On Sunday (November 10), Britain's ITV
made the unsurprising announcement that it has renewed "Downton Abbey
" for a fifth season, which was immediately followed by PBS' equally unsurprising announcement that it will air that fifth season in the United States.
Production on the fifth "Downton Abbey" season will begin next year and, barring an unexpected revision of premiere strategy, it will premiere on ITV in 2014 and on PBS in early 2015. Once again, Julian Fellowes will serve as lone "Downton Abbey" scribe, with Gareth Neame executive producing for Carnival.
For English audiences, the "Downton Abbey" renewal
came on the heels of a fifth season that averaged 11.8 million viewers, making it the country's highest rated TV drama of 2013.
"Audiences have enjoyed their regular Sunday evening visits back to Downton once again this autumn and we are thrilled to produce a new series of the show next year," Neame blurbs. "We promise all the usual highs and lows, romance, drama and comedy played out by some of the most iconic characters on television. All the actors and makers of the show continue to be humbled by the extraordinary audience response and want to take the show from strength to strength next year."

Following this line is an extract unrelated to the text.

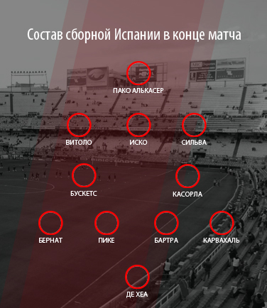 Стартовый состав испанцев был далек от оптимального. Дель Боске решил приберечь всех футболистов "Барселоны", выходивших на поле в финале Лиги чемпионов. Вне основного состава оказались Пике, Жорди Альба, Бускетс и Педро, которые наверняка начнут с первых минут следующий матч – в воскресенье против сборной Белоруссии в Борисове в рамках отборочного турнира к чемпионату Европы.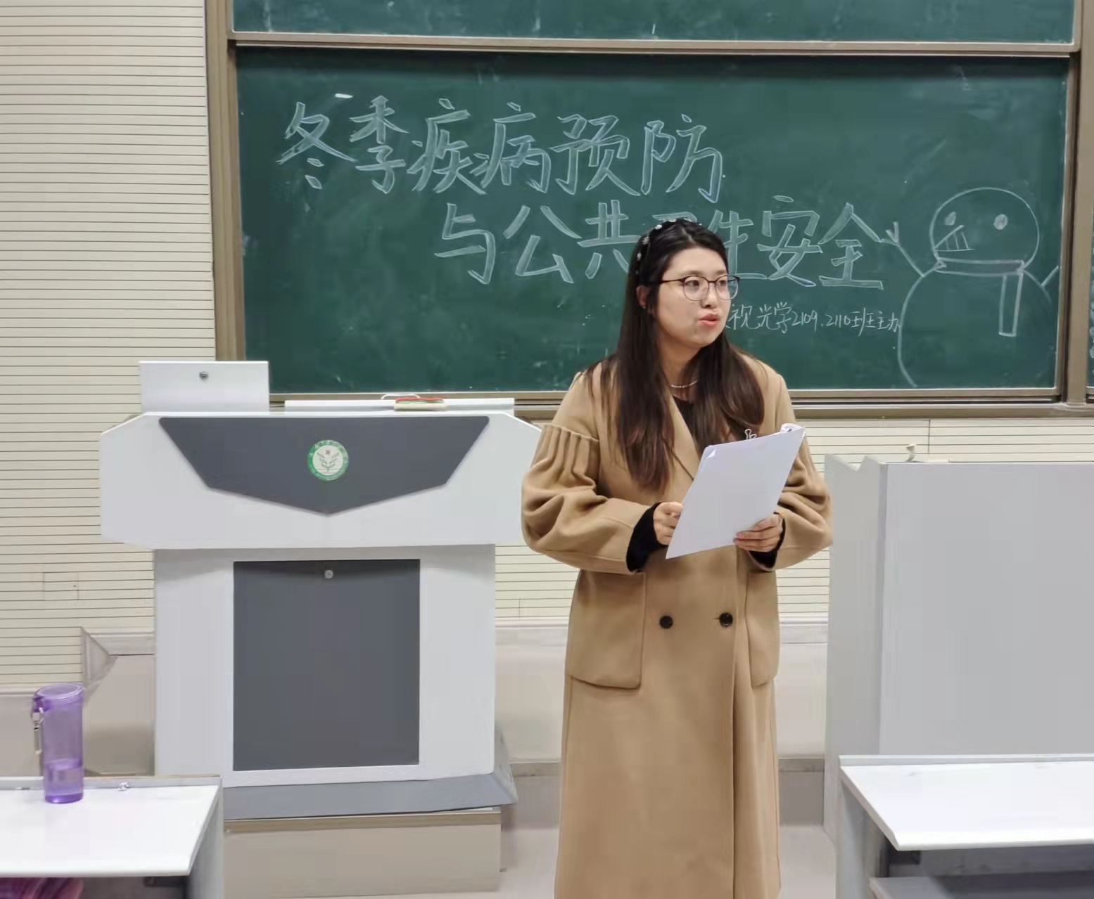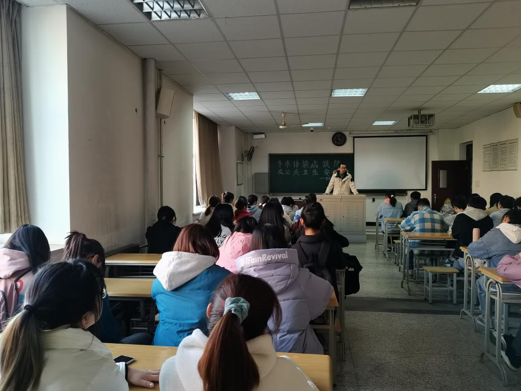 各班首先对突发公共卫生事件的应对、冬季传染病的预防进行了宣传讲解。各班辅导员从学生易患的一些常见传染病着手,让学生了解秋冬季节常见传染疾病的病因、传播途径及防治措施,特别是针对新冠肺炎,肺结核、出血热等传染病的防范事项、防治要求及流程行了讲解。同时,还提醒同学们要养成良好个人卫生习惯,提高公共卫生防控意识,勤洗手、勤通风,保持空气流通,并加强户外锻炼;发现问题及时报告,及时就诊。

Adds ITV's "We are enormously happy to have 'Downton Abbey' on ITV and we are delighted to be announcing this new series. With Julian writing and Gareth and Liz producing we know it will be as warm, witty, romantic and dramatic as previous series and we can't wait to catch up with our favourite characters again."
British viewers only have the annual two-hour Christmas episode remaining this season, an installment that features the return of Shirley MacLaine as Martha Levinson and the first appearance by Paul Giamatti as the previously referenced, but unseen Harold.
American audiences, however, have the entire fourth season ahead of them, with new episodes premiering on "Masterpiece" starting on January 5 and running through February 23, 2014.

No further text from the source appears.